During the COVID-19 pandemic, McLean Hospital clinical staff provided crucial peer-support and therapy to staff at the Navajo Medical Center in Shiprock, New Mexico. They were part of a longstanding Mass General Brigham program that aids health care workers who serve in the Navajo Nation reservation.
According to Karen Slifka, RN, MS, CS, nurse director for McLean’s Community Reintegration Unit, the program helped health professionals deal with the emotional stress and professional challenges posed by the pandemic.
“They were hit very hard,” said Slifka, who served at the medical center in May. “The hospital had their outpatient program shut down, staff were deployed around the hospital and given different jobs.
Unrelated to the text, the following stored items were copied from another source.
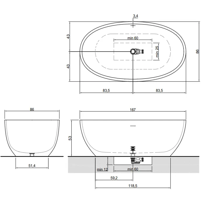 Ванна из искусственного камня Antonio Lupi Reflex 167x86 REFLEX Nebbia/cr
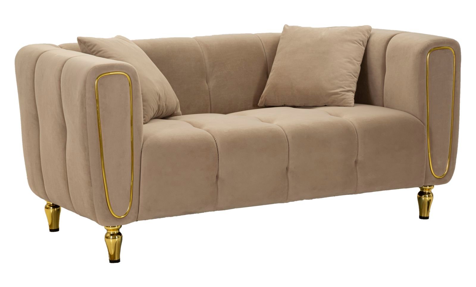 Sofá de dois lugares cinza pomba com pés dourados para montar, forrado em veludo acolchoado. Ideal para ambientes modernos e requintados, acrescenta um toque de luxo e conforto.
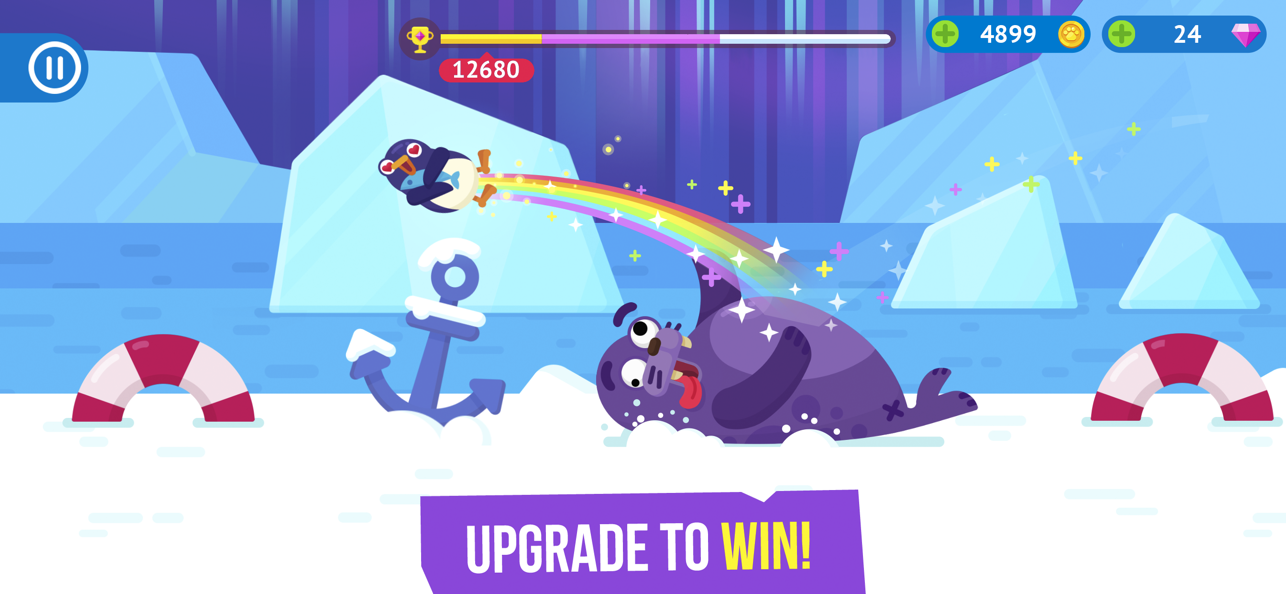 4、在企鹅落地到海豹身上的瞬间点击屏幕,海豹会将其弹飞;
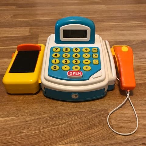 Myydään uusi käyttämätön lasten leikkikassakone. Myös äänitoimintoja, jotka toimii paristoilla (ei mukana). Sisältää mm. leikkirahaa ja ostostavaroita. Sopii hyvin kauppa- ja ravintolaleikkeihin.
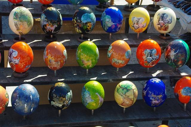 L'oeuf d'autruche, un cadeau plutôt original. Les oeufs d'autruches sont peints et décorés de nombreux motifs comme par exemple la carte du monde, des éléphants etc..
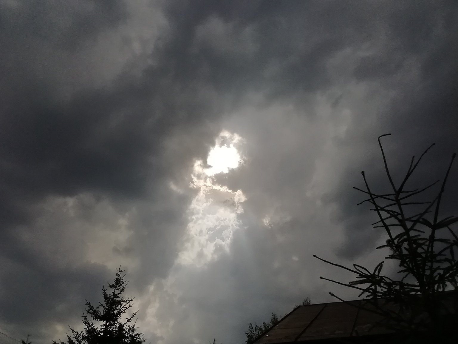 Skoro zamračené, búrka, slabunka dažďová prehánka.
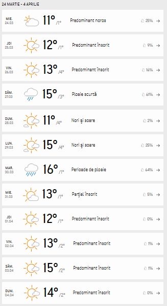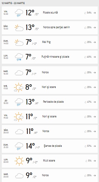 UPDATE! Potrivit Accuweather.com, valorile termice din următoarea perioadă se situează în jurul unei medii de 12-13 grade, excepție făcând ziua de sâmbătă, 06 martie când termometrele vor indica doar 6 grade. Sunt așteptate și averse dar în general va fi soare iar pe finalul lunii, media va fi de 14 grade.

Medical records file clerks were pulled out and put on the floor. Dentists from the clinics were pulled out and put on the medical floors. It was a difficult time for them.”
Cassandra M. Godzik, PhD, NP-BC, prescriptive authority nurse at McLean’s Lincoln Residence, spent a week in New Mexico in March. She explained that the Navajo Medical Center has a maximum capacity of 55 beds, but high COVID-19 case numbers in the region forced the center to, at times, take on more than 100 patients.
“There were limited resources,” Godzik said. “Not enough beds, not enough oxygen. Cell service and internet service were not reliable. It was well beyond the hospital’s capacity to manage.”
Along with the day-to-day logistical challenges of running a hospital during a pandemic, Navajo Medical Center staff faced tremendous stress, anxiety, and depression.
“Some people I worked with were frustrated with the system, and some were frustrated with other people on staff,” Slifka reported. “Also, many people had family members, friends, and neighbors die there in the hospital.”